Durante el almuerzo y la tarde, Alex se divirtió tanto con Ofelia y su madre que logró quitarse a Paula de la cabeza durante un rato. Estaba tan cómodo que también se quedó a cenar, necesitaba una sobredosis de familia, sentirse querido y mimado. Además, y sin consultarle, su madre ya había avisado a todos para que se reunieran por la noche para darle la bienvenida.
Paula pasó la tarde preparando el equipaje, algo que le llevó más tiempo de lo normal, puesto que sólo contaba con una mano; por suerte, la derecha. Lo primero que guardó fue la camiseta de Alex, y se sintió contrariada por no poder resistirse y desecharla. Luego llamó a Maximiliano y a Mauricio para contarles que se iba a Mendoza antes de tiempo. Éste, cuyos horarios eran más flexibles, se comprometió a llevarla al aeropuerto del área urbana.
—No es necesario, sólo llamaba para despedirme, Mauricio. No quiero molestarlos más, puedo coger un taxi. Estoy harta de que carguen con mis problemas, y ustedes deben de estarlo mucho más.
—De ninguna manera, Pau, yo te llevo. —Mauricio no le dio pie a la discusión.

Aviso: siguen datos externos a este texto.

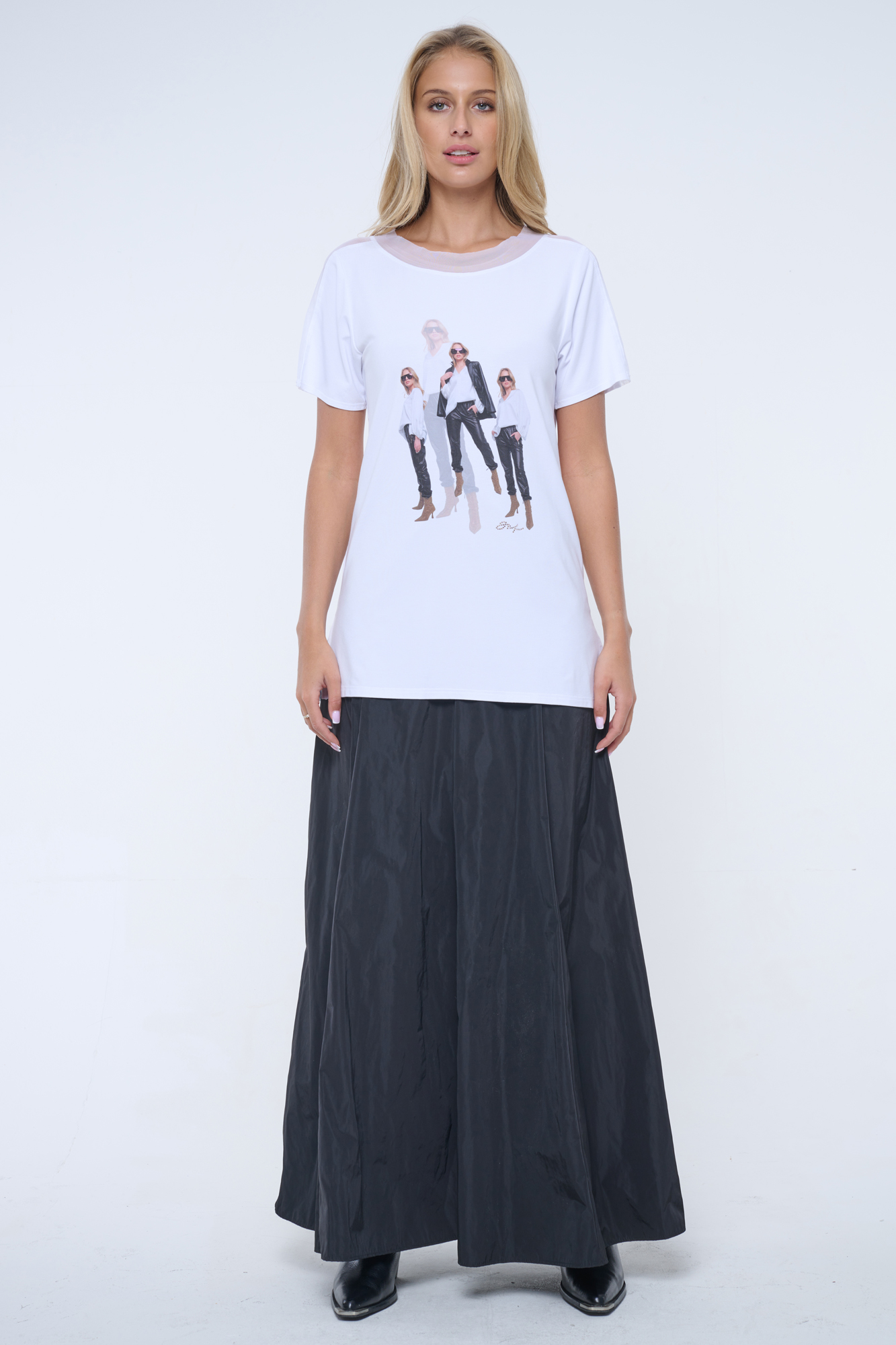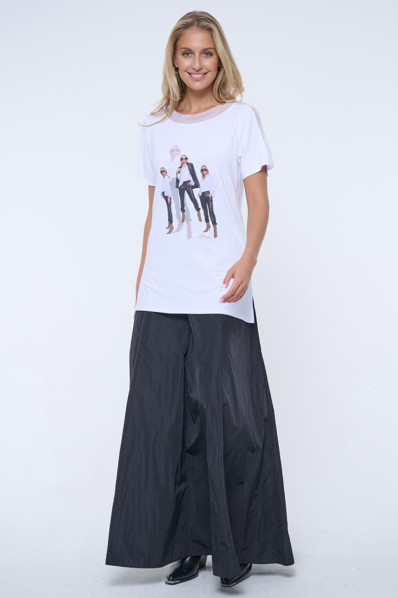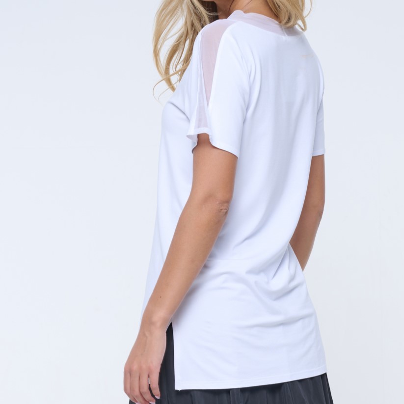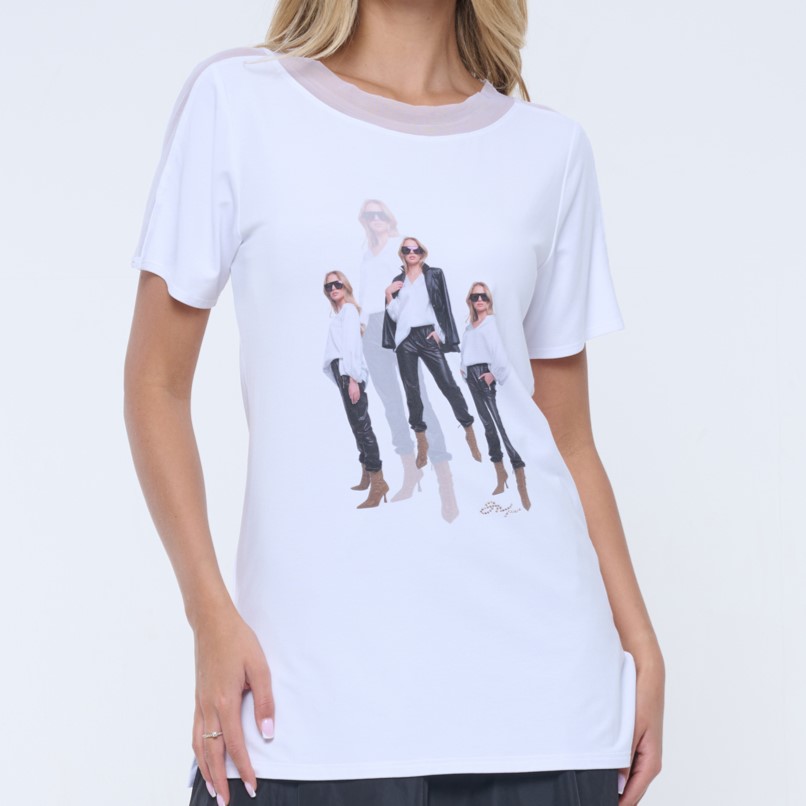 Volné tričko s tylovým lampasem. Na předním díle tisk, krystalové zlaté logo INF.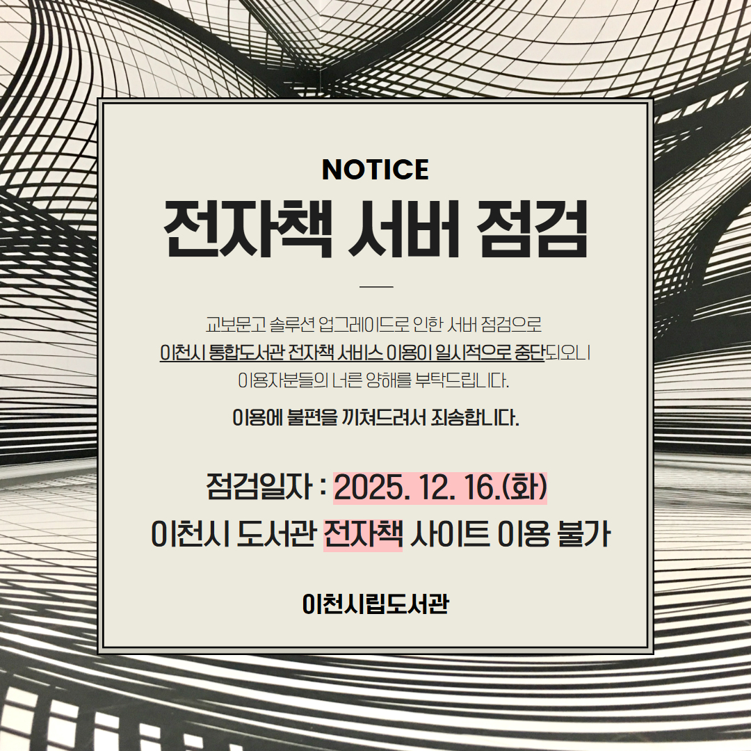 - 이천시 통합도서관 전자책 솔루션 업그레이드로 인한 이용 불가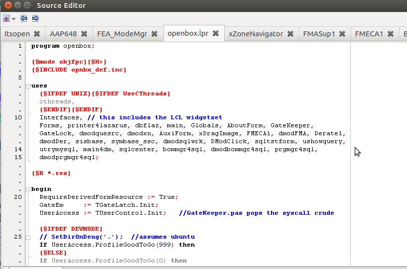 The migration to Free Pascal, the Lazarus IDE, and MySQL has been deferred until sufficient interest in the earlier project warrants more effort. The level of changes ranges from database to file navigation to compiler directives. Specific modules may be converted as demand increases. The benefit derived from this migration will allow the modules and eventually the entire Openbox applicaiton to run "anywhere", Windows, MacOS, Linix, etc.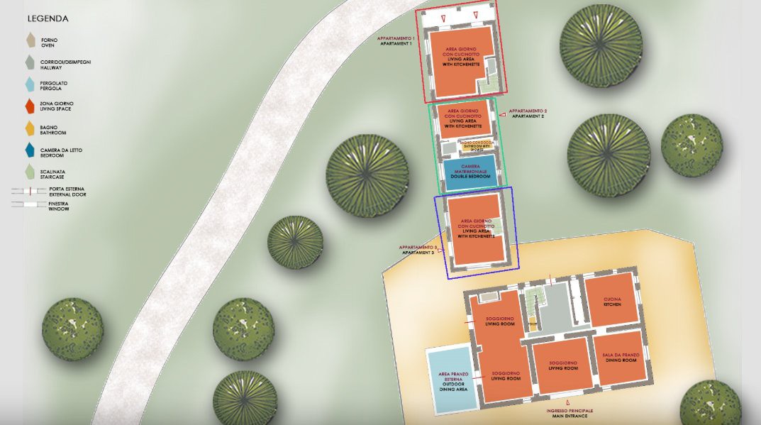 Direkte tilgrænsende til grunden ligger en økologisk vingård med produktion af vin, grappa og olivenolie samt smagsprøver.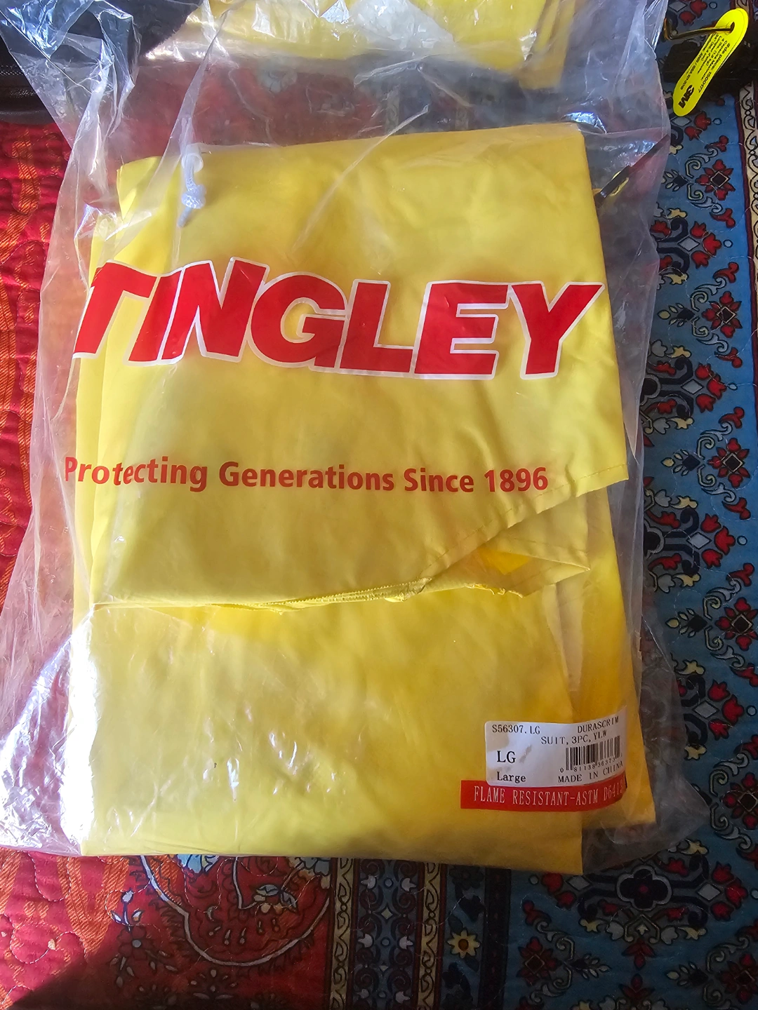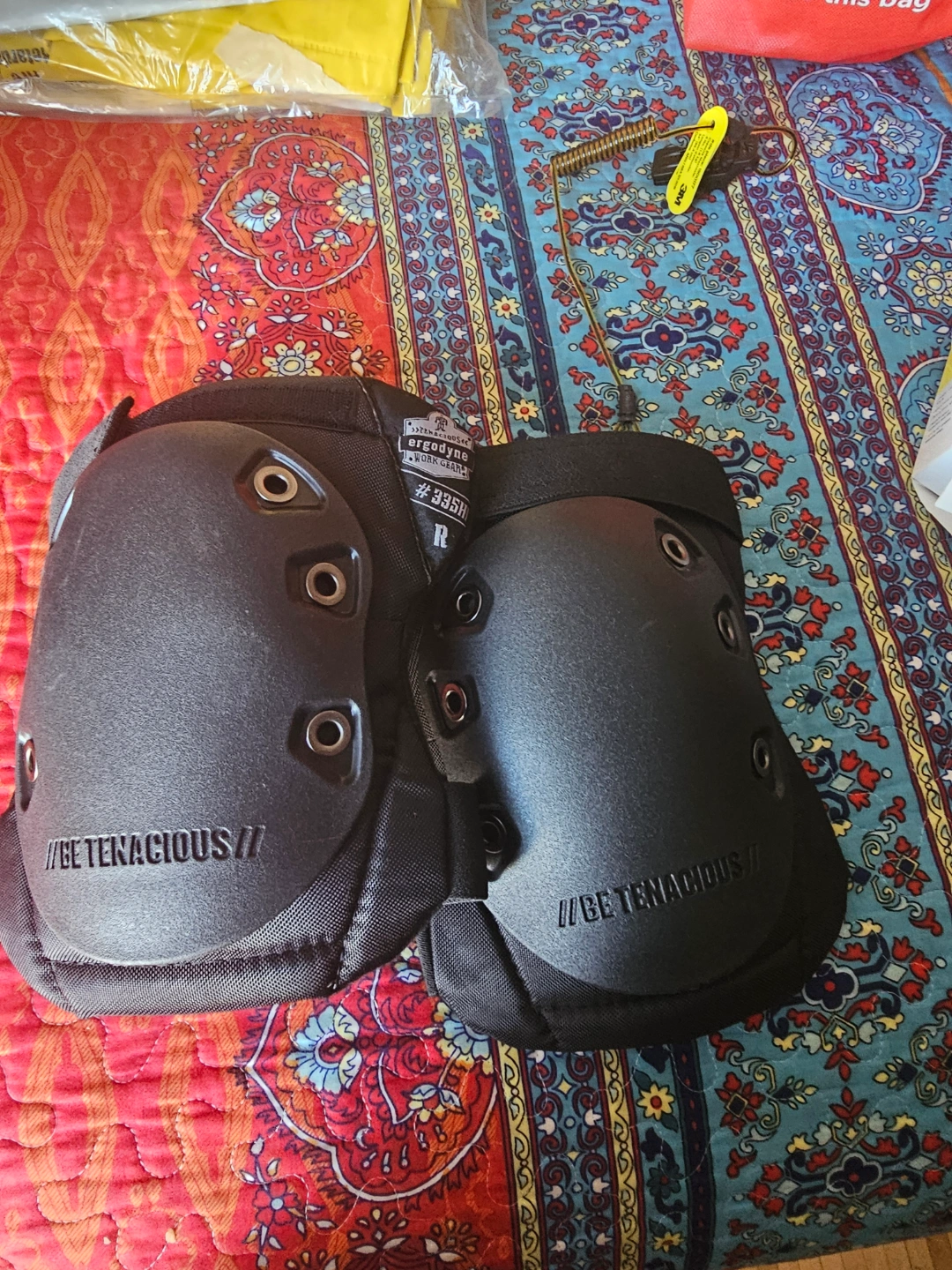 Protective gear bundle. Includes a pair of black Tenacious knee pads and a large yellow Tingley flame-resistant rain suit. Good for work or outdoor activities.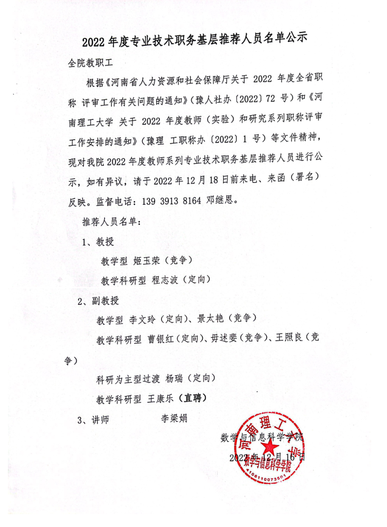 2022年度专业技术职务基层推荐人员名单公示

Todos los hijos del matrimonio Masslow iban a congregarse en la casa familiar con motivo del regreso al país de Alex. Éste había caído rendido por la tarde y había podido descansar un rato. Después de una merecida siesta, se despertó en su cama de soltero, miró a su alrededor y estudió el entorno hasta que entendió dónde se encontraba. Encendió la luz de la mesilla de noche y, mientras se acostumbraba a la luz artificial, consultó la hora; eran pasadas las siete de la tarde. De forma inconsciente, calculó la hora que era en Buenos Aires y pensó en Paula. Resopló y se recriminó por dejar que su mente se trasladara a esos días. Intentó alejar las escenas vividas con ella, se obligó a levantarse de la cama, estiró su musculatura y se metió en el baño, donde tomó una ducha.
Siempre dejaba ropa en el armario de esa habitación, para poder cambiarse cuando se quedaba a dormir, así que se preparó para la cena con unos vaqueros claros, una camiseta gris ceñida al cuerpo y una chaqueta ocre de lana jaspeada. Luego, salió al salón, donde se encontró con sus hermanos.
Amanda y Jeffrey se acercaron a saludarlo y se fundieron en un abrazo con él. Estaban muy felices de que Alex hubiera regresado. Como a Alison ya la había visto en la oficina, sólo se saludaron desde lejos. Llegó el turno de su cuñado, que estaba preparando unas bebidas, mientras esperaban que estuviera lista la cena. Chad McCarthy lo abrazó y le palmeó la espalda para darle la bienvenida y, acto seguido, le ofreció un Bloody Mary, su cóctel preferido.
—¡Hermanito querido, te extrañé tanto! —dijo Amanda mientras se aferraba a la cintura de su mellizo y bebía un sorbo de su martini—. ¡Qué bronceado estás! Parecemos todos muertos a tu lado. —Alex sonrió ante el ingenio de su hermana y la besó en la frente.
—Yo también te eché de menos, nena.
—Te caíste desmayado en la cama —comentó Jeffrey—. Fui a verte cuando llegué de la oficina, pero ni te enteraste.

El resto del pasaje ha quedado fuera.